Today's Topic
1. Greed Exercise - Three Kingdoms Game Problem
Analysis: Because the best combination is absolutely impossible to obtain, but because people take first, then the second largest one can be obtained, so we find out the second largest one in each combination, and take the largest one in the second largest first, then people will win, and the maximum tacit understanding value is also the value.
Code:
#include<iostream> #include<string> #include<cstring> #include<memory> #include<set> #include<map> #include<vector> #include<stack> #include<queue> #include<functional> using namespace std; int main() { int n; int a[510][510]; memset(a,0,sizeof(a)); cin>>n; for(int i = 0;i<n-1;++i) { for(int j = i+1;j<n;++j) { cin>>a[i][j]; a[j][i] = a[i][j]; } } int ans = 0; int first = 0; int second = 0; for(int i = 0;i<n;++i) { first = 0; second = 0; for(int j = 0;j<n;++j) { if(a[i][j]>first) { second = first; first = a[i][j]; } else if(a[i][j]>second) second = a[i][j]; } //cout<<"first"<<first<<endl; //cout<<"second"<<second<<endl; ans = max(ans,second); } cout<<1<<endl; cout<<ans<<endl; return 0; }
2. Greed Problem - The Use of Huffman Code
Title: In an orchard, most of the fruits have been beaten down, and they are divided into different heaps according to different kinds of fruits. Dodo decided to put all the fruits together.

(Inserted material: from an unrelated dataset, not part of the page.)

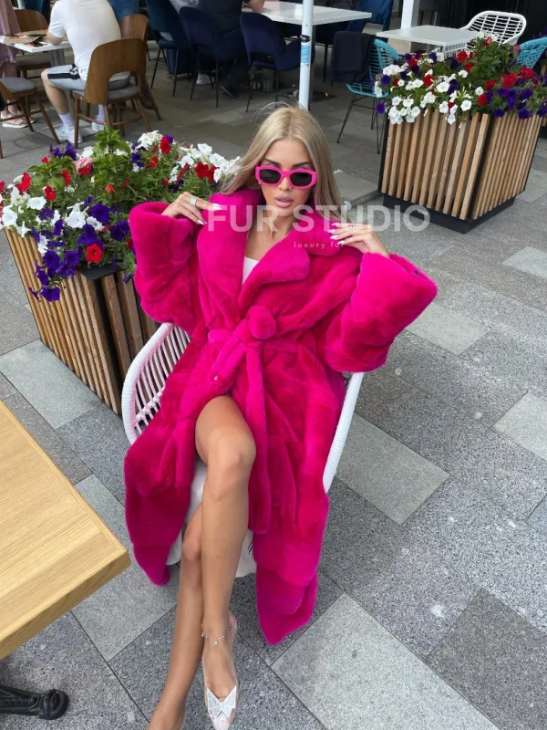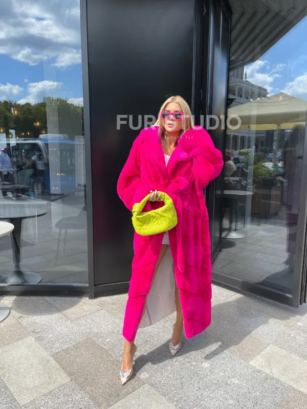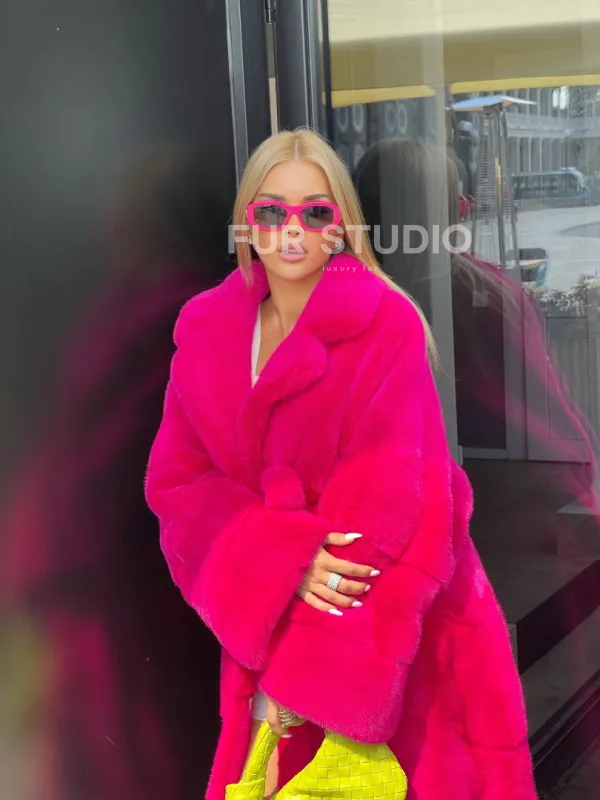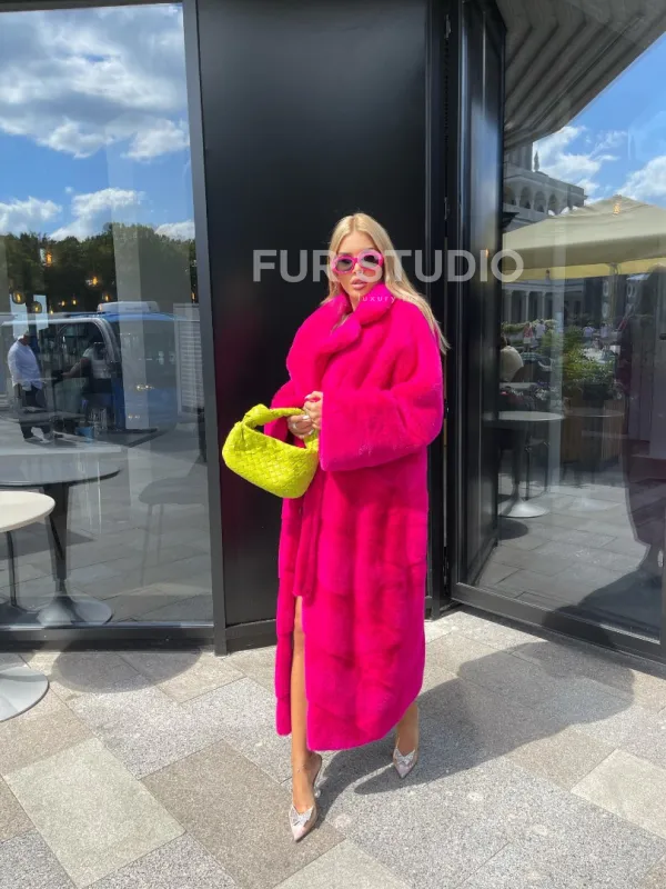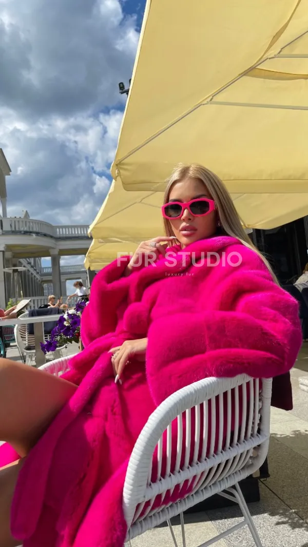 Норковая шуба в цвете фуксия длинная 100102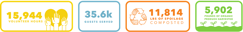 Last year at Twin Lakes, with the help of over 15,944 volunteer hours, we served 35,600 individuals, distributed over 663,400 meals-worth of groceries, harvested 5,902 pounds of organic garden produce, and composted 11,814 pounds of spoiled food.

Every merger, more than two piles of fruit can be merged together, the physical expenditure is equal to the sum of the weight of two piles of fruit. It can be seen that after n-1 mergers of all the fruits, there is only one pile left. The total amount of physical energy consumed in merging fruits is equal to the sum of physical energy consumed in each merger.
Because it takes a lot of effort to move these fruits home, it is necessary to save as much energy as possible when combining the fruits. Assuming that the weight of each fruit is 1, and the number of types and fruits of each fruit is known, your task is to design a merged sequencing scheme to minimize the amount of physical energy consumed and output the minimum value of physical energy expenditure.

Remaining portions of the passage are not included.